The hotel at Whangamomona is a short walk from your campsite, so you head out. They have glasses hanging behind the bar with livestock tags on the handles. These are used to send messages to the locals. If you can't get in touch with a resident, just visit the pub and ask to leave a message in their 'handle'. They can pick it up the next time they visit.

Whangamomona Hotel
Whangamomona Hotel

The next day you drive 12km of unsealed road through Tangarakau Gorge to get back to the highway. The car rattles nervously through Moki Tunnel (which looks as if it has been dug by hand) and as you reach the other side you feel like you've time-travelled back to the age of dinosaurs. The curly haired one hums the Jurassic Park theme in the passenger seat.

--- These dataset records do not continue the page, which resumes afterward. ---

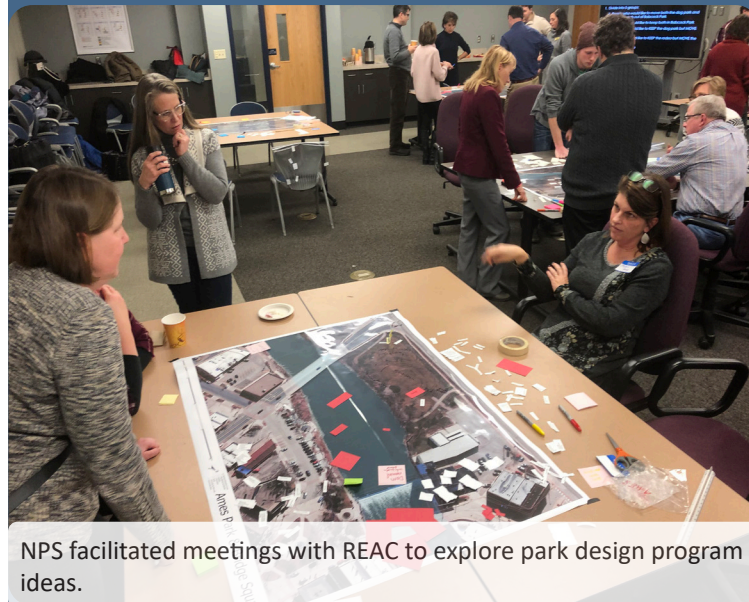
NPS facilitated meetings with REAC to explore park design program ideas.

The NPS team led an extensive process that began with a comprehensive review of previous proposals, documents and plans dating back 30 years. Improvement ideas were listed and mapped. The Committee then brainstormed additional specific ideas to augment those listed from earlier studies. This process was closely tied to the goals of the City's 2008 Comprehensive Plan.
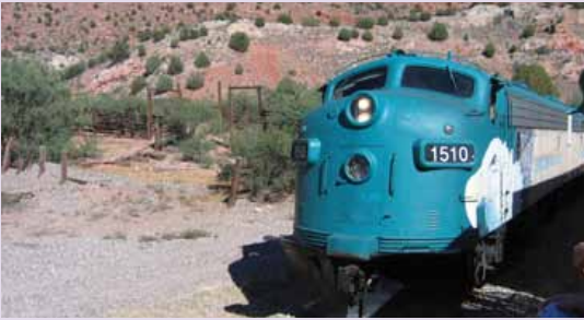
October 13-22, 2012 Trains & Canyons of the Southwest
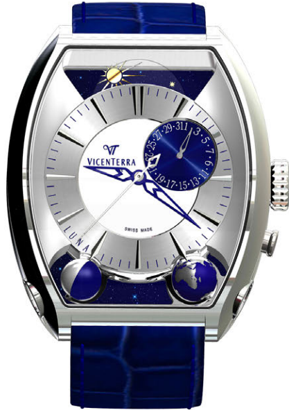
Volume 3 white
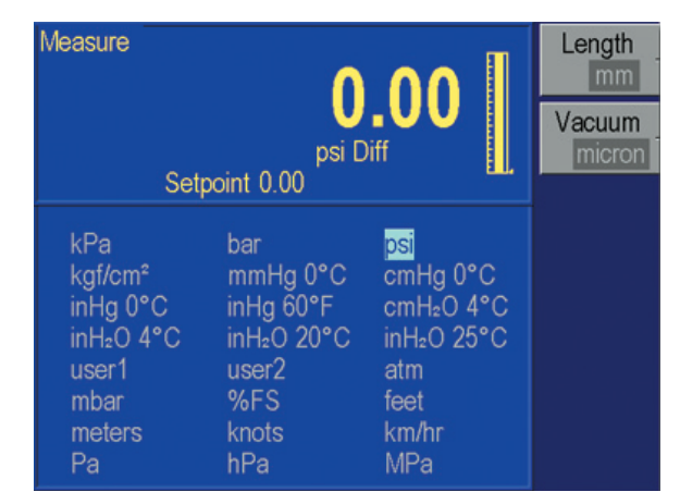
The large color display allows the pressure value to be displayed even when viewing a submenu selection such as the units selection screen shown above.

The Series 7250 Pressure Controller/Calibrator can easily automate your test and calibration workload. All are easy to use, easy to maintain, and have the reliability, performance and features that you want. The Series 7250 features an easy-to-navigate menu structure with full text descriptions for menus and commands.

On the Forgotten World Highway

When you arrive at the campsite  near the Tongariro crossing, the owner turns up with a small puppy in the back of her truck. It's adorable.

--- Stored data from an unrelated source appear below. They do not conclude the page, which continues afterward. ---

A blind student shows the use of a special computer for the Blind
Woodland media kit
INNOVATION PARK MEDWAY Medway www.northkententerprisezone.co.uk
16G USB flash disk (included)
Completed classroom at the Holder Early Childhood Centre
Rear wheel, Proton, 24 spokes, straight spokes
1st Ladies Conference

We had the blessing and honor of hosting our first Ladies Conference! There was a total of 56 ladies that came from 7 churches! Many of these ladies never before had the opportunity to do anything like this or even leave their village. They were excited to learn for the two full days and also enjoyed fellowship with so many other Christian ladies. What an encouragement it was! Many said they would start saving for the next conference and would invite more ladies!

Campsite near the Tongariro Crossing

In the morning your alarm clock rings at 4.30am. Today you will be walking the Tongariro Crossing. This is a 6-8 hour walk through the Tongariro volcanic complex which takes you past a the mountain used as Mt Doom in Lord of the Rings, up something called the Red Crater, past emerald coloured lakes and down a scree slope that has you crawling on your back like a spider.

Mt. Ngauruhoe / Mt. Doom

Mt. Tongariro erupted in 2012 and the area is still active. As you walk, you notice steam spiralling from the mountainside in the distance. It's smells like egg, but kind of delicious, like it has been layered on a warm slice of toast and zealously sprinkled with salt and pepper. You learn that this is the release of volcanic pressure. When the pressure gets high enough, it can break rock and jettison projectiles. You walk past the area where a small hut was once decimated by a projectile flung from a few kilometres away.

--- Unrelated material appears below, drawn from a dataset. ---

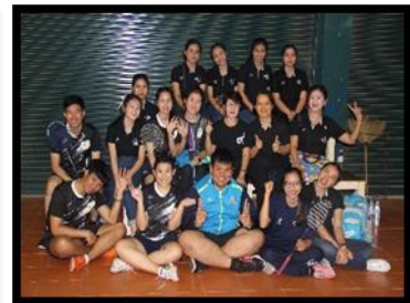
Figure 18: The annual sporting event organized by the Sports and personality development Club.

7. Aesthetic and hospitable environments – This includes the beauty and hospitality of the environment in the college, affecting the safety of the students. The beauty of the interior architecture of the College, the environmental aesthetics surrounding the college, lies on the enhancing of student learning, interactions between peers and teachers.
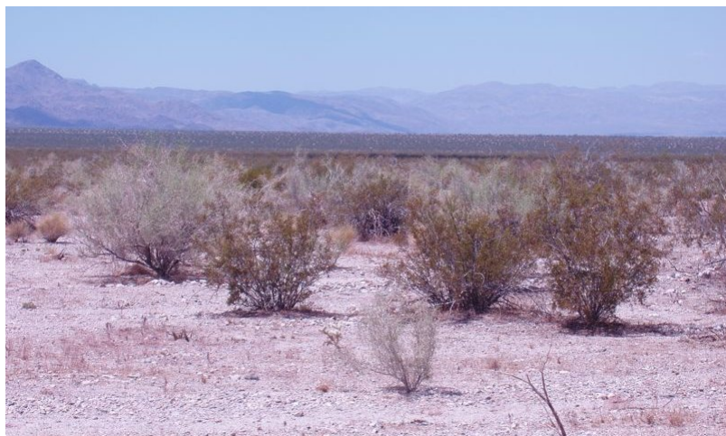
Figure 5. Community Phase 2.1

Fissure viewed from the Red Crater

The walk climbs steeply to its peak at Red Crater (1886m). From here you view a gigantic fissure in the mountainside where pressure erupted and split the rock. Then, on the other side, you see emerald lakes tinged blue by the minerals resting at the bottom of large pools of water. At this height, the lakes sit above the clouds in the distance. They look as if they are swinging impossibly on invisible strings strung to the blue sky above.

The Emerald Lakes

It's a thrilling landscape filled with danger, beauty and, on this day, heat. Your companions stop often to eat snacks. During the course of the day they eat a large vat of oats, two bananas, three pepper and hummus sandwiches, three oat bars, a tub of honey roasted nuts and a couscous and tomato salad mix.

After the walk, they eat two ice-creams. For dinner, they have two veggie hot dogs each, with onion toppings, and a tin of spaghetti on the side. For pudding they eat a can of peaches. Bellies full, limbs numb and eyes heavy, you go to sleep at 8.30pm with the light still fading outside.